The longest
stretch of the trip is along the Jordan Valley, south from Jezreel to the city
of Jericho. It will take about two days,
maybe a little longer. The good thing is
it’s a pretty safe road, patrolled by Romans and by local troops. It is also a familiar road, the main transit
route between Galilee and Jerusalem.
Mary likely traveled this way when she went to visit her cousin
Elizabeth, as recorded in Luke 1.
The big
difference is that this is a one way trip.
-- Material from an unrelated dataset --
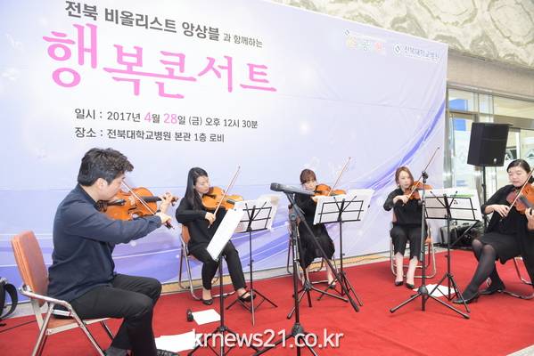 전북대학교병원은 가정의 달을 앞두고 28일 본관로비에서 환우를 위한 작은음악회로 ‘전북비올리스트앙상블과 함께하는 행복콘서트’를 개최했다.병원에서 치료를 받고 있는 환우들의 투병 의지를 북돋아주고 희망과 치유를 위해 마련한 이날 콘서트는 환우와 가족, 내방객, 직원 70여명이 참석한 가운데 진행됐다. 공연을 펼친 전북비올리스트앙상블은 전주시향 비올라 수석으로 활동하고 있는 비올리스트 김병완이 이끄는 비올라 앙상블을 위한 전문 연주단체로 1995년 창단해 현재까지 수준 높은 음악과 다양한 레퍼토리로 매년 정기연주회를 갖는 등 꾸준히 활동을 펼치고 있다.

Everything familiar has been left behind. Every pace along the way is another step
Joseph is taking to a place where he does not know how he will provide for his
wife and child. The bible says there was
no room in the inn, which means that they had no relatives, no host family, no
connection to this new place.
Mary is
following her husband, every pace of the donkey feeling like she’s getting
picked up and dropped and, when she can’t stand the beast, every waddling step
a reminder that there is nothing lined up for them at the other end of the
trip.
This is not
what one would call a honeymoon. There may
well have been no conversation going on, just Joseph’s stony silence, feeling
the weight and measure of his failure as a husband in not being able to provide
for his wife. Maybe she started the trip
trying to draw him out, trying to talk like newlyweds should. But how long before you take the stony stare
and deafening silence personally? Did
she add guilt to the burden of her pregnancy?
Was the trip ever going to end?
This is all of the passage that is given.